Games which try to pad the time it takes to finish it by making you run across the friggin’ world for one part of a quest, then run all the way back for the next. Obviously MMORPGs are what comes immediately to mind, but there are plenty of traditional RPGs and console RPGs that are guilty of this as well.

Not being able to save anywhere you want (thought mostly a product of past console games).

When there’s a whole bunch of stuff that you missed the first time around because you couldn’t possibly know about it without consulting a game guide. I like games with special stuff but I hate it if you can’t fairly easily go back to it later.

Unskippable CGI, especially in battles. It reared its ugly head in the summoning spells in FFVII, got even worse in FFVIII (my easy-peasy strategy for beating Sepiroth was always W-Summon Knights of the Round, Mime, Mime, make a sandwich, W-Summon KotR again, Mime, Mime, and get another sandwich for the 15 minute ending as Sephy was going down somewhere after six KotRs for sure) and I don’t know if they ever really fixed it in the series. Even worse was Orphen. Now, I’ll admit I don’t know anybody else who liked it, but all those unskippable cutscenes before very hard battles was very annoying. I think for one boss you literally had to wait for five minutes worth of cutscenes just to get your ass beat yet again by a giant spider.

I hate getting lost in non-descript type areas because you can’t tell if you’ve covered that area yet.

I also hate little evil creatures that attack you and cause damage before you even see them.

I also hate having been without a decent computer for over a year and not being able to play any games. I miss my Neverwinter Nights and my Sims!

Escort missions.
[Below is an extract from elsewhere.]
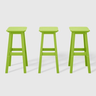 This set of two 29" backless bar stools presents a sophisticated addition to your outdoor patio, ideally suited for placement around your outdoor patio bar or bistro table. Crafted from durable and recycled HDPE material, its design is tailored for outdoor use, boasting UV and weather-resistant properties that safeguard the stool. Available in a palette of fade-resistant solid colors, it ensures the enduring vibrancy of its charming hue each season. The backless design makes for seamless storage underneath the table, offering both versatility and elegance. The classic yet modern aesthetic effortlessly harmonizes with your existing decor, while the A-frame design, supported by four sturdy square legs and foot bars, provides a well-balanced and comfortable seating experience.

Nobody likes escort missions. I mean, NOBODY likes escort missions. In fact, I’m pretty sure everyone utterly hates escort missions. Game designers, please stop making escort missions. Now.
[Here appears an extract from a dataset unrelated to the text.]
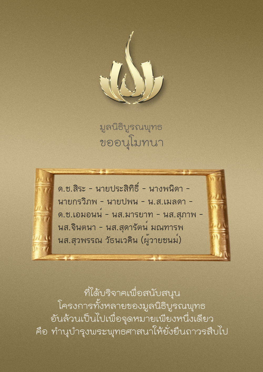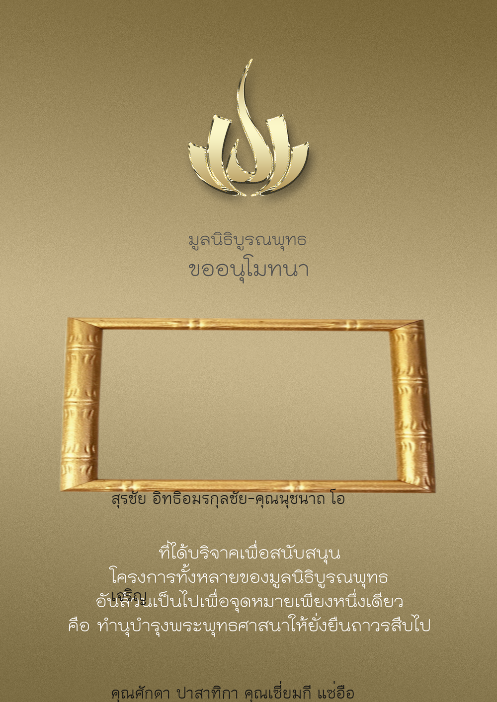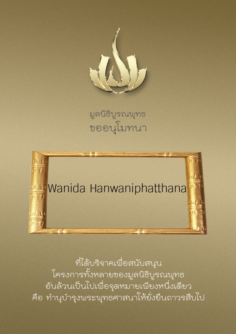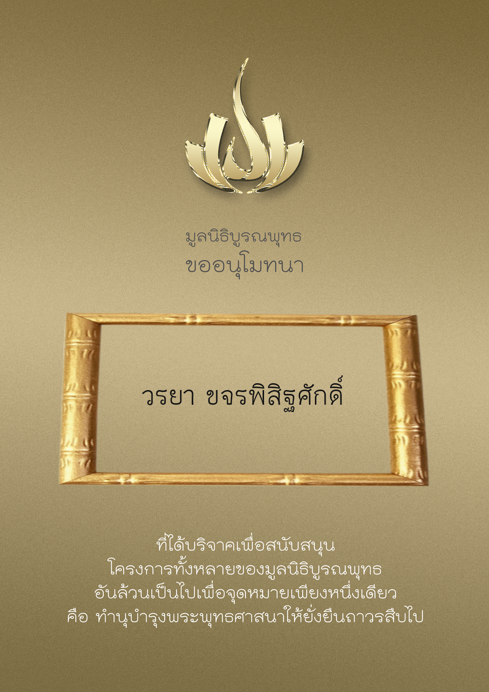| ลำดับที่ 9999 | เพ็ญอนงค์ มโนวร | 500.00 บาท | ภาพที่ระลึก |

Resident Evil controls. As I said in a past thread on a similar topic, Capcom designed the controls for Resident Evil specifically to suck because they were too lazy to think of a better way to make their game harder. In general, if your primary goal in having created something was to maximize how much it sucks, it is considered a bad idea to make that particular thing the basis for every single game in or connected to that genre for the rest of eternity.

The nightmare that haunts my gaming dreams: a remake of Ico (aka Escort Mission: The Game) with an R.E. control scheme. shudder

Laser beam puzzles. If I should announce I have to go rough up someone I know who put said puzzles in his game, does anyone want to come with me?
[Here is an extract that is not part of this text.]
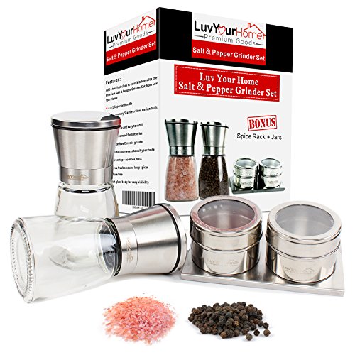 Luv Your Home Salt and Pepper Grinders with Magnetic Spice Jars and Rack - Spice Grinder with Adjustable Coarseness - Stainless Steel Salt and Pepper Shakers - Refillable Salt and Pepper Mills - eBook

I’m with you. I’ve suffered many a lag death, and lost many friends to lag death.

Hold me.

why haven’t our phone companies just given us the best internet connections that technilogy can afford us yet?

…oh yeah…they don’t make 100 million dollars…merely 85 million…now i remember
grumbles on an expletive-laced tirade

Things I hate in videogames:
Poorly disguised fetch quests - with an exception for the pencil eraser and related quests from Earthbound, because they just crack me up. Random encounters that do nothing meaningful besides eat up your time. Games that are based around a particular mechanic or control scheme, and then change it on you towards the end (bonus points if the final boss is fought using skills not needed for any other part of the game).

Things I fear in videogames:
Puzzle-laden dungeons that you do in one sitting. Zelda series, I’m looking right at you. The Great Bay Temple and Snowhead from Majora’s Mask are among the worst offenders here - some combination of the isolation, the maziness, and the music just makes me despair (certainly this isn’t a bad thing - they are some of my fondest gaming memories).

Also, regenerators (from Resident Evil 4). God damn.

Roland Orzabal: RE4 was the first of the series that I played - from what I’ve heard, they picked up the controls quite a bit in the fourth. All I can say is, they must have been close to unbearable in the earlier versions, because the controls in RE4 are struggling to attain the classification ‘mediocre’. Good game, though. Even the escort missions are… okay, they’re annoying, but less so than they are in most games.

~ Isaac

Huge chasm’s ,typically in starwars games.

Escort missions seconded

I really hated Xwing for that , all transports had to get away , like fer cripes sake.

Asteroid belts , way denser than should be in real life.

Weapons in Halo 2 on xbox live , always makes me think I am using a water pistol instead of a firearm.

Declan

Most “door gunner” levels. Good ones leave you feeling like you’re actually helping blast your way through enemy forces. But most of them feel like you’re playing Galaga on a conveyer belt.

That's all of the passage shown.